As we pass each other, we are both bathed momentarily in the lamplight from above. I can clearly see all his features in detail as he briefly glances in my direction, smiles in a non-committal manner at me, and continues past.
The most notable feature is that the man’s face is lopsided, with one ear completely mis-located, compared to the eyes/nose grid. He has busy eyebrows and the lamp-light is strong enough for me to be able to classify them as ‘grey.’ As is the thinning hair with receding hairline, and overgrown sideburns. Quite obviously, a creature dating back quite a number of decades.
I have this nagging feeling. Where Have I seen this person before? He certainly didn’t resemble any of my workmates, no-one that I have met in New Zealand, yet I have this strange feeling that I have met him. Or was it in a previous life? All this uncertainty takes a few mere milli-seconds.

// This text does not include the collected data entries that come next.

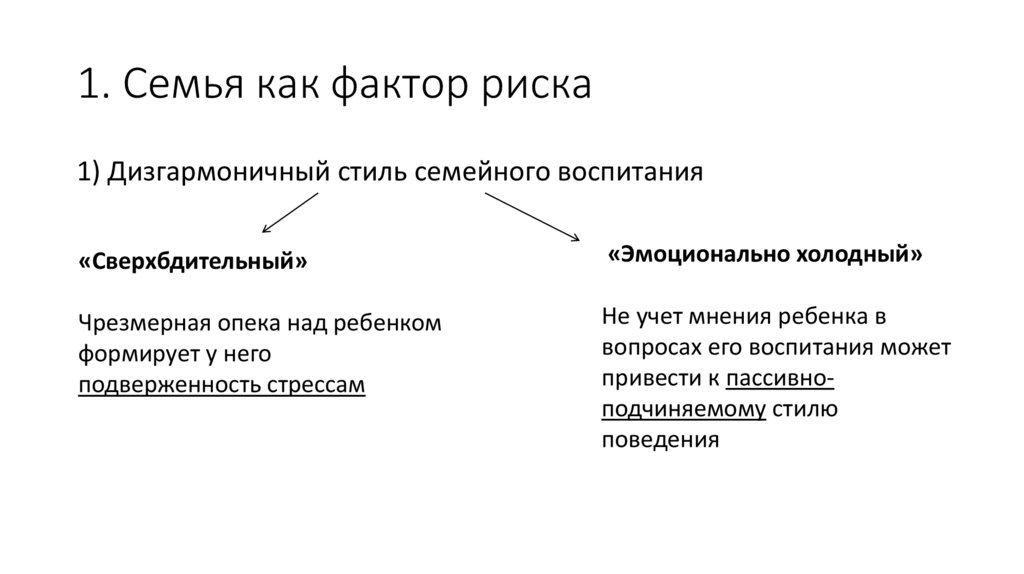 1. Семья как фактор риска1) Дизгармоничный стиль семейного воспитания
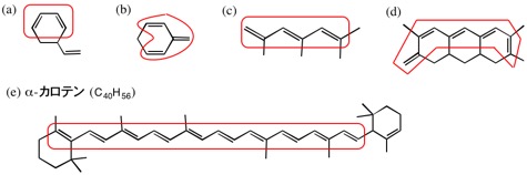 (1)~(4)で与えられている構造はそれぞれ環どうしのつながり方が違っているので、(5)を考える上でヒントになるはずである。
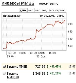 30 октября торги на фондовых биржах закрылись "в плюсе". Эта умеренно позитивная тенденция наблюдается в течение трех дней. Индекс РТС дотянулся до отметки 758.7 пункта (+17,81%), а индекс ММВБ - 727.39 пункта (+19,46%). В оценках ближайших перспектив эксперты расходятся.
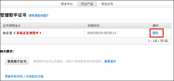 如何删除本地证书? 大文 五月 26, 2016 安全中心 0 条评论 1330 围观 1 登录支付宝账户( www.alipay.com), 点击【安全中心】—【安全管家】—数字证书【管理】 2 点击【删除】, 删除本地证书后,账户将不能进行资金操作。如果您不想使用数字证书,请您选择【取消数字证书】,点击【删除】,并在弹出的页面请选择【是】 3 删除成功
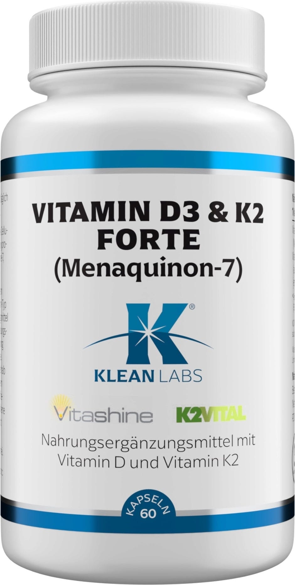 KLEAN LABS Vitamina D3 y K2 Forte Menaquinona, 60 cápsulas
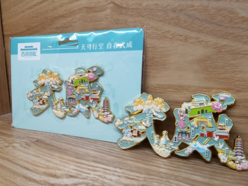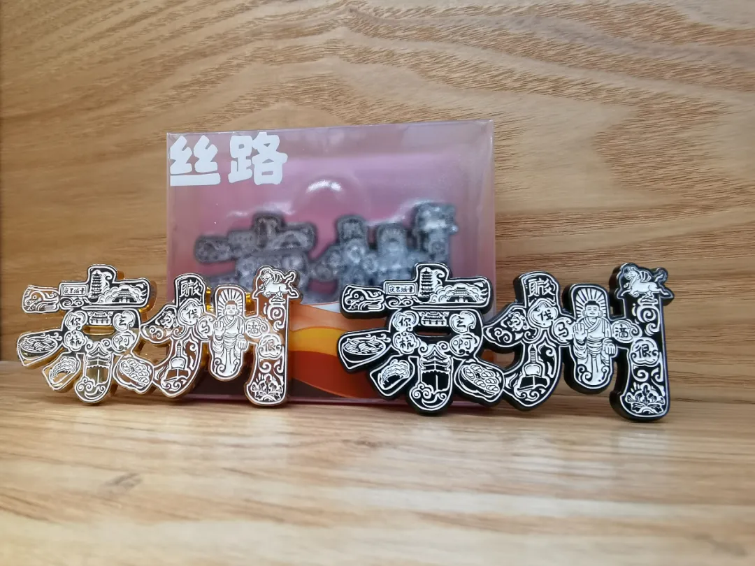 “武威”冰箱贴,以“武威”二字为轮廓,质地精致,金属光泽勾勒古韵。浅绿釉为底,搭配金、白等色,天梯山石窟的佛像、鸠摩罗什寺的塔,还有灵动的马踏飞燕元素,像把丝路故事全“贴”在上面,细节里都是历史温度。
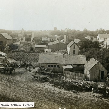This 1910s view of Harveyville shows the business district of the town in a bird’s-eye view of the town taken from atop the grain elevator.
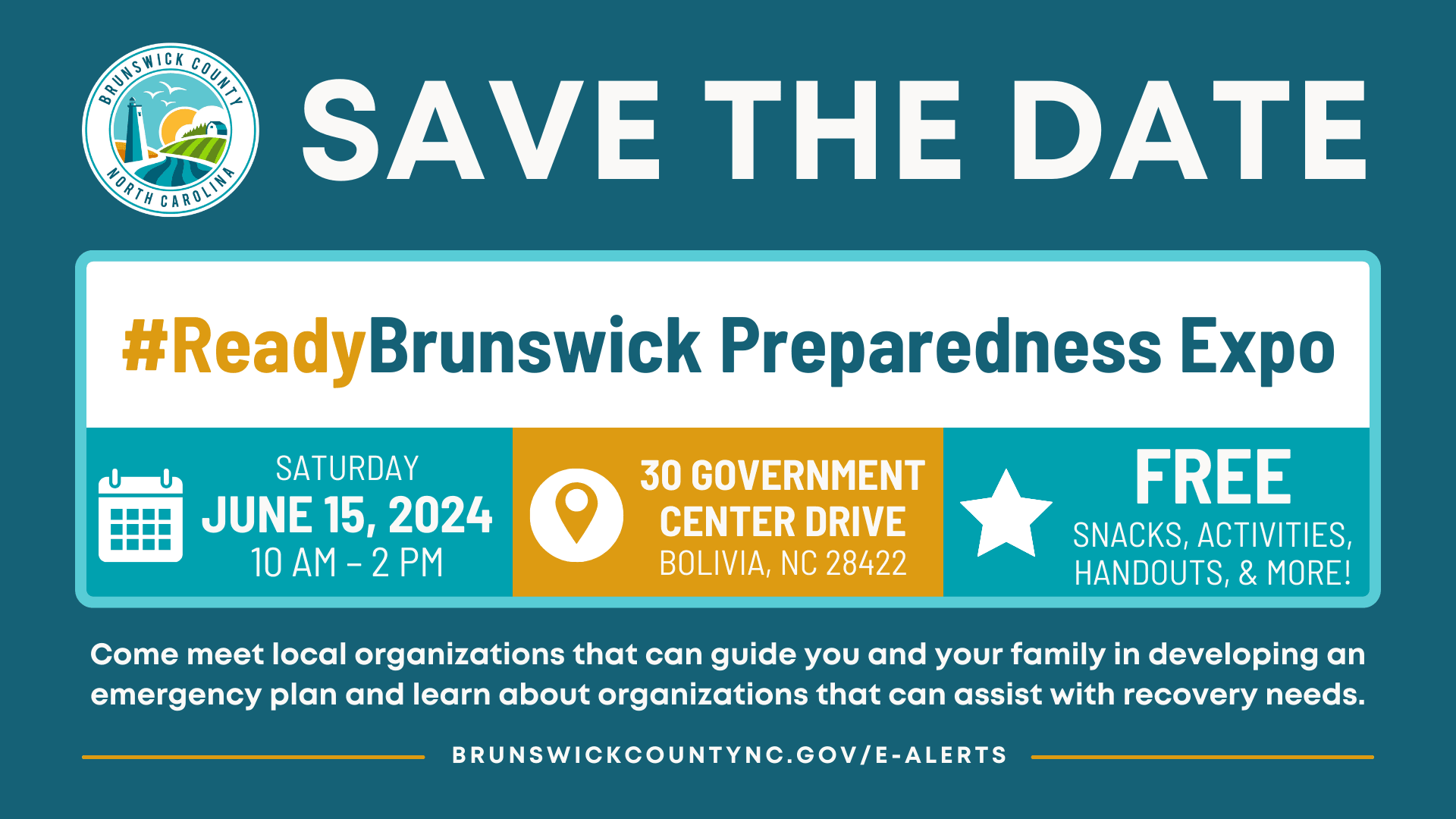 Are you prepared for emergencies? Come by the ReadyBrunswick Preparedness Expo on Saturday, June 15, 2024, anytime between 10 a.m. to 2 p.m. to meet with our team members and other local organizations to learn more about disaster preparedness and recovery in Brunswick County.

I decide: Call the guy back, and go and ask him who he is and where do I know him from? It’s now or never. He who hesitates is lost, I tell myself.

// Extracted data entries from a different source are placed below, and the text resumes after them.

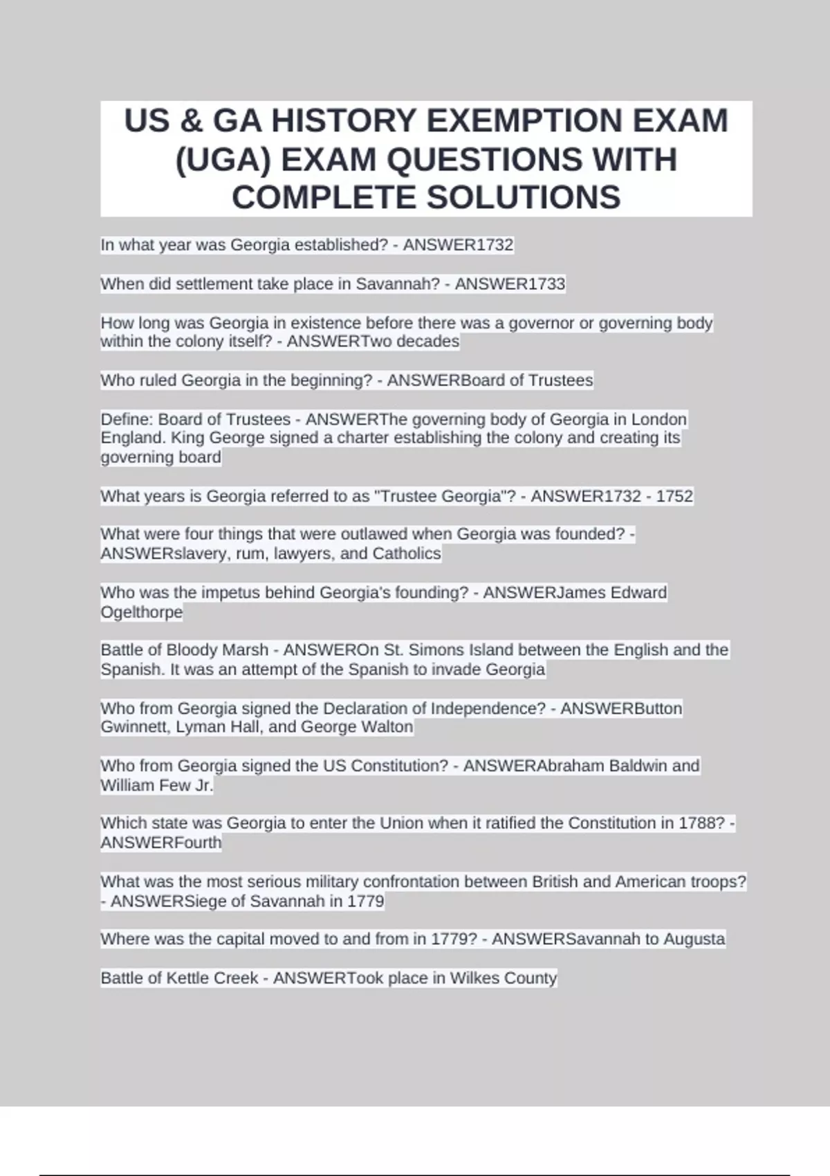 US & GA HISTORY EXEMPTION EXAM (UGA) EXAM QUESTIONS WITH COMPLETE SOLUTIONS
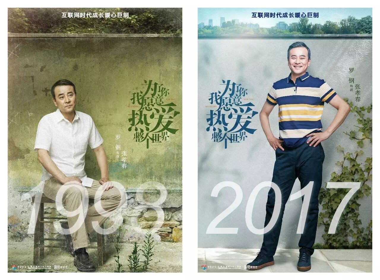 在海报中,98年的罗晋身着一身经典蓝色运动衣,是个初入社会,对未来充满期待的青涩少年;而右边17年的他则以一身干练的西装造型,诠释了多年后事业有成、从容自信的自己。年代的跨越感在罗晋两个不同的造型中展现地恰到好处,游刃有余。
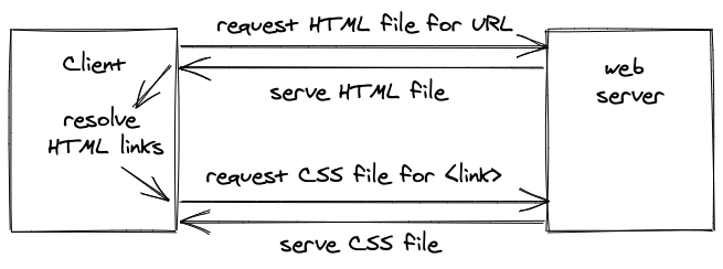 <p class="danger">Red text as defined in the external CSS file.</p>If a browser asks a web server for the HTML of an URL, the web server sends back the HTML file which may include HTML tags that link to other resources like CSS or JavaScript files. For every link, another request is made to the web server to retrieve the files.

I turn around. The pavement is clear for at least 50 metres behind me. I can see clearly and there are no exits, yet the guy has disappeared into thin air, it would seem. He has gone!
* * * * *
Sometime in 1953: Picture a barber shop chair with a wooden plank across the arm-rests, with a skinny wee young lad sitting high in that timber saddle, covered in a white cloak. On the floor around the huge base of the chair, lies piles of furry blonde hair. The barber wearing a white coat turns to the lad’s mother, who is standing guard next to him.

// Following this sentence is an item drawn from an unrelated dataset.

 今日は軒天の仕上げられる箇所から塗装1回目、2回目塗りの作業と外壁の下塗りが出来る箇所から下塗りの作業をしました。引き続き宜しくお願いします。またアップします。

“Is that Ok? You see I have to cut this side a bit shorter than that one, so that his head doesn’t look too unbalanced.”
Both the barber and the mother appear to be oblivious that the lad can hear their conversation, and at six years of age going on seven, has no problem in understanding what is being said. The barber could just as well have cut off one of the kid’s ears with his razor, why not?
“I’ve never seen a kid with such a skew head. Did you squash him like that, or did he just… fall?”
* * * * *
I have it in good authority that the kid did not change his name to Harrison Ford, either.
Footnote:
This post is based on true events, and the guy under the lamp-post has still to be traced… if indeed he even exists… And, yes, Harrison Ford does wear a stud in his left ear-lobe, but, no, he definitely wasn’t the mystery pedestrian.